Pedigrees we investigated in this study include sibships of size 2 (Sib2), 4 (Sib4) and 6 (Sib6), nuclear families with 4 (Nuc4) and 6 (Nuc6) members, and an extended pedigree with 10 individuals, which is the same as the pedigree investigated in Polymutt [12]. For each pedigree structure, we simulated 20 families at coverage ranging from 2X to 30X. For the Nuc6 we simulated additional 50 and 100 pedigrees to investigate the trend of the genotype calling accuracy of rare variants for increasing numbers of sequenced families. Genotype calling was performed using GATK, Polymutt, Polymutt2 and Beagle4 for each simulated dataset. Note that for trios Polymutt2 and Polymutt are equivalent, and therefore we omitted the investigation of trios in this study.

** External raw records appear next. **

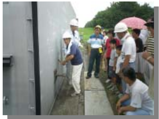
防潮扉の閉鎖に関する説明風景
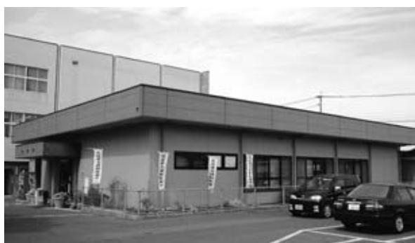
太陽光発電が予定される 本庁舎南新館屋上

来なくなる心配も無く、地球温暖化や酸性雨の原因となる二酸化炭素も発生しない。地球温暖化対策としてのクリーンエネルギーの導入計画を尋ねる。 総務企画部長 新年度予算に本庁舎南新館屋上に太陽光発電の設置、ハイブリッド車の導入も計画している。この実行計画に基づき建設計画がされている西郷保育園、学校給食センター等、公共施設への導入を図ってきたい。個人住宅への太陽光発電の設置については補助制度も設けている。
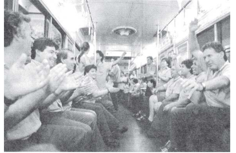
Asamblea durante el conflicto del Subte

Por ejemplo, en relación a la amnistía o desprocesamiento de los luchadores debemos apoyar esta lucha avanzando por el camino que ya se comenzó, de una amplia unidad con otros sectores políticos y sociales. El pasado jueves 24, se acordó lanzar un movimiento en unidad entre los ferroviarios, el Cuerpo de Delegados del subte, todas las organizaciones de izquierda, distintos diputados como Mario Cafiero, Ariel

Performance evaluation metrics
We used two metrics to measure the accuracy of genotype calling. The first is the false negative rate (FNR), defined as the percentage of true genotypes that are called into incorrect genotypes; this measures the sensitivity of the calling and is equal to 1-sensitivity. The second metric is the false discovery rate (FDR), defined as the percentage of called genotypes that are different from the true genotypes; this measures the specificity of the calling; this measures the specificity of the calling and corresponds to 1-precision. A good algorithm is expected to have low values of both FNR and FDR. We used GQ to filter low quality genotype calls and specifically we used GQ = 3 for Polymutt2 and Polymutt, GQ = 5 for Beagle4 and GQ = 10 for GATK; due to different calculations of GQ in these algorithms we found that these filtering criteria have reasonable FNR and FDR values. These criteria were used for all simulated data. Note that when no filtering is used FNR and FDR are the same for overall genotypes, and the difference is due to differential filtering based on GQ cutoffs. For heterozygotes, which are of particular interest in studying rare variants, however, both FNR and FDR are critical metrics to evaluate, as FNR can be made artificially low by aggressive calling of heterozygotes, which will results in high FDR, and conversely conservative calling of heterozygotes can lead to low FDR and high FNR.
Results
Accuracy of inferred inheritance vectors
We derived the IBD sharing at each position between a pair of family members in a pedigree based on the inferred inheritance vector obtained via the Viterbi algorithm. Fig 1A) shows the simulated true IBD sharing of the two siblings in the Nuc4 pedigree along chromosome 1 and Fig 1B and 1C and 1D) show the inferred IBD sharing of the same two siblings at coverage of 30X, 15X and 2X, respectively. From the comparison, we can see that the inferred IBD is extremely close to the true IBD at various coverage, indicating the high accuracy of the inference of inheritance vectors based on sequencing data. Interestingly, for coverage as low as 2X, the accuracy of inferred IBD is not jeopardized (Fig 1D). The high accuracy of inheritance vector inference warrants the increased accuracy of genotype calling when the IBD sharing is utilized to infer genotypes.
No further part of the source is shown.